President Donald Trump on Thursday threatened to slap 25 per cent tariffs on US$300 billion (HK$2.3 trillion) worth of untaxed Chinese imports after he meets with his Chinese counterpart, President Xi Jinping, at the G20 Summit at the end of this month.

Trump said he would make a decision “over the next two weeks, probably right after the G20”.

If the new tariffs become reality, all consumer goods made in China would be taxed as they enter the US. The effect would be to further hammer Hong Kong’s exports, which shrank 2.5 per cent in the first four months of 2019 from the same period last year. Chinese exports to the US via Hong Kong accounted for 7 per cent of the city’s total exports in 2018.

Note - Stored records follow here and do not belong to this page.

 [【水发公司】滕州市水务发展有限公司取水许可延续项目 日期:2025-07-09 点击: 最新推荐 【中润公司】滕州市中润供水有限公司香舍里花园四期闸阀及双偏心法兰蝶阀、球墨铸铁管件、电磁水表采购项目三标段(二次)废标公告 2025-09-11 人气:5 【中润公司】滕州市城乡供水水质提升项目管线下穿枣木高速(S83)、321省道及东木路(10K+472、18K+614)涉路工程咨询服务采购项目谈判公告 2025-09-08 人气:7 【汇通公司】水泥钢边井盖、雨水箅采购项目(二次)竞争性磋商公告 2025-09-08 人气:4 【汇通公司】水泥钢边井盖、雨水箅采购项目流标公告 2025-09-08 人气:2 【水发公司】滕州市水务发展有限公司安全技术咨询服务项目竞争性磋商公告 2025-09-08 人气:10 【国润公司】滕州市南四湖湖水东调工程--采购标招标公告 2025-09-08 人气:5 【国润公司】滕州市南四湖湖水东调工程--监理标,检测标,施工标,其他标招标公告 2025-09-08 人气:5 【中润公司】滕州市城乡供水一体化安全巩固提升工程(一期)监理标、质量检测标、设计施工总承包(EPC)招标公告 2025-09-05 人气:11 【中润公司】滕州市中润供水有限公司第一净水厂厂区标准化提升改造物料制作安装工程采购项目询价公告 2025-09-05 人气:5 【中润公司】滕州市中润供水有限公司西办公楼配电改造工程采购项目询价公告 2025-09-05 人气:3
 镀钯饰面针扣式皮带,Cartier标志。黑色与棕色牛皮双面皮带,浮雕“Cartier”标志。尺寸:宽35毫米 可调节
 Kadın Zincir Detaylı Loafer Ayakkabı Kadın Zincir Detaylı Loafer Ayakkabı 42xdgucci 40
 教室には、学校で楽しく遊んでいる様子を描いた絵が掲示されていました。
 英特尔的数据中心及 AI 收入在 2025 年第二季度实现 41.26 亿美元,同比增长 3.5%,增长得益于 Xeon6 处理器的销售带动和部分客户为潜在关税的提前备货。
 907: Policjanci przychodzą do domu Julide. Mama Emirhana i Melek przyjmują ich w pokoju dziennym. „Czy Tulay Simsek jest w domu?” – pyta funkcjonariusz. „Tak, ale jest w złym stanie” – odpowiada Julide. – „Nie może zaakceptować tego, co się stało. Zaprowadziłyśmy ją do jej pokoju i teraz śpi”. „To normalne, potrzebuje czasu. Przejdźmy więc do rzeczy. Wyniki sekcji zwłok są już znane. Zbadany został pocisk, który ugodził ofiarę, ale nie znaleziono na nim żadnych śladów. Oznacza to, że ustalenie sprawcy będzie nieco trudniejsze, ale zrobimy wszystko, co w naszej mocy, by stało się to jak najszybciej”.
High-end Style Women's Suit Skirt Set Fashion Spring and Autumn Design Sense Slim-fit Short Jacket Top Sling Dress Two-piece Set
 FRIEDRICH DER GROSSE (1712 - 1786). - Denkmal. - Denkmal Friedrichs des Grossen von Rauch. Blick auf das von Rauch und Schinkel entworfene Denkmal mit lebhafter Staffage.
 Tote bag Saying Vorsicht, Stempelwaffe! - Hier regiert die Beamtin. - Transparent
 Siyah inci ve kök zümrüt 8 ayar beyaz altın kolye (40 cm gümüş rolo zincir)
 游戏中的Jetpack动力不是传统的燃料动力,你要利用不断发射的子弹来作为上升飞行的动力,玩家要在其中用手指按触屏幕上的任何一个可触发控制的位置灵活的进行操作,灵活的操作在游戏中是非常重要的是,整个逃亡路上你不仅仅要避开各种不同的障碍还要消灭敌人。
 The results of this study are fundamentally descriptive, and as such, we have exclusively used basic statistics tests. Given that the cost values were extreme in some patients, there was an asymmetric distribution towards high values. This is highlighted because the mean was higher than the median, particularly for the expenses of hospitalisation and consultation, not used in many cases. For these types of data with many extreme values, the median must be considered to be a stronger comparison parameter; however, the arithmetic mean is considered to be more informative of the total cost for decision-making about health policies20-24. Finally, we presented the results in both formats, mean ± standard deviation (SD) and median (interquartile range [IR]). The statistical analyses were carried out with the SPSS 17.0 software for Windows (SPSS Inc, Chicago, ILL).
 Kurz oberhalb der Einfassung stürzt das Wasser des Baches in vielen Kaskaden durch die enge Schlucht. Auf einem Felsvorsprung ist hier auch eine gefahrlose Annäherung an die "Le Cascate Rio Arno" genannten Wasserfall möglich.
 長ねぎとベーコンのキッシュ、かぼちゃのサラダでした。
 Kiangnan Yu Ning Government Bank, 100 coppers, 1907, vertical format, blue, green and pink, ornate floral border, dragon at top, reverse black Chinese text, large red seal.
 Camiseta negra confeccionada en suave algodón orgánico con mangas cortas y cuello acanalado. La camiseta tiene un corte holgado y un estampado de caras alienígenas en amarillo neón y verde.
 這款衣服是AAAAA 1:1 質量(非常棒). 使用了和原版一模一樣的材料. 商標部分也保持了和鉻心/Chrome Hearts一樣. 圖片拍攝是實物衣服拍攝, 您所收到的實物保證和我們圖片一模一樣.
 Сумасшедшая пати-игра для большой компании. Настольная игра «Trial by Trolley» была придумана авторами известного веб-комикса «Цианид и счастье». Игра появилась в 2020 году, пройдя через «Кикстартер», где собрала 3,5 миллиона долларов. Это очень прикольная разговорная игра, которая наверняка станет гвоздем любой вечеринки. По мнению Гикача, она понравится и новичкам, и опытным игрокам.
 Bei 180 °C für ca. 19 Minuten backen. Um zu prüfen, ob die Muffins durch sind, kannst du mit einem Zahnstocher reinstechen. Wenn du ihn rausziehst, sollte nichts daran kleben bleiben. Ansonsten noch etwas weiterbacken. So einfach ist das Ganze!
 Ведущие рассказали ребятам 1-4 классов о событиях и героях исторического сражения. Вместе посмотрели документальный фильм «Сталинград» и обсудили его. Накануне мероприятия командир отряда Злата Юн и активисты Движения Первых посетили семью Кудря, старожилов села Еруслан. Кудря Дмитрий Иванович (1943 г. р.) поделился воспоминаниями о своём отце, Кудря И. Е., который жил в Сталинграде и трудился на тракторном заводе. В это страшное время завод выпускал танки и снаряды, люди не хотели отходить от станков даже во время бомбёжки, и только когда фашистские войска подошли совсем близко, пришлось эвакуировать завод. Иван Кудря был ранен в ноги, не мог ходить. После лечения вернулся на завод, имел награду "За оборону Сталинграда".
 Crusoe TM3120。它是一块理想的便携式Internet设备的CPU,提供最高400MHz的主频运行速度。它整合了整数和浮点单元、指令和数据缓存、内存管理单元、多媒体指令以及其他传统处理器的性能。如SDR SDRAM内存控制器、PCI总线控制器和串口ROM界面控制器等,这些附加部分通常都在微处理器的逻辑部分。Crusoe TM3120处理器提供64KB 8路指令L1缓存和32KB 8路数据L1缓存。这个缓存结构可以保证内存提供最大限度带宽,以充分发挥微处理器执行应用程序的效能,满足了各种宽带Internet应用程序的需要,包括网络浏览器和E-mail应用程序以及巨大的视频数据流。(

Eva Leung Fung-wah is a director for Winsonic Electric, a Hong Kong company that makes charging cables and power banks in Dongguan, Guangdong. She said her company’s orders were cut in half in the first quarter of this year, year on year, after Trump’s tariffs convinced some American clients to source products outside China.

“Our customers stocked up heavily before the Lunar New Year and will not order again until they run out of stock,” she said. “Even when customers place orders, they tend to procure only one-tenth of the quantity they used to procure.”

Leung conceded that it was difficult for the company to make an abrupt switch to a new market after dealing with the US market for years.

“The specifications of products and price ranges are different between the US and Asean markets,” she said. “We have no idea how to start in a totally new market.”

Jimmy Ng Wing-ga, an industrial lawmaker affiliated with the Chinese Manufacturers’ Association, said SMEs should not try to break into new markets alone.

“It is more viable to go in a group and take part in trade shows to reach out to buyers,” he said. “As far as the free-trade deals are concerned, it is better than nothing.”

But Felix Chung Kwok-pan, a lawmaker for the textile and garment industries, said the more free-trade deals, the better.

“The Asean markets are mostly developing countries, except Singapore,” he said. “It appears Vietnam, Myanmar and Indonesia are more [suitable] for manufacturing and these consumer markets are not yet ready.”

The Legislative Council recently approved the government’s 2019-2020 budget, which pumped HK$1 billion into a dedicated fund for local companies to use for branding, upgrading and domestic sales. The BUD Fund, as it is known, came on top of a HK$1.5 billion injection last year.

The fund will allow a company to apply for up to HK$2 million in funding to explore markets with which Hong Kong has a free-trade deal. It provides HK$1 million for ventures in the mainland market.

As of February, the Hong Kong Productivity Council, which manages the fund, had received about 177 applications for Asean markets – about 24 per cent of the total applications. The rest were for the mainland market.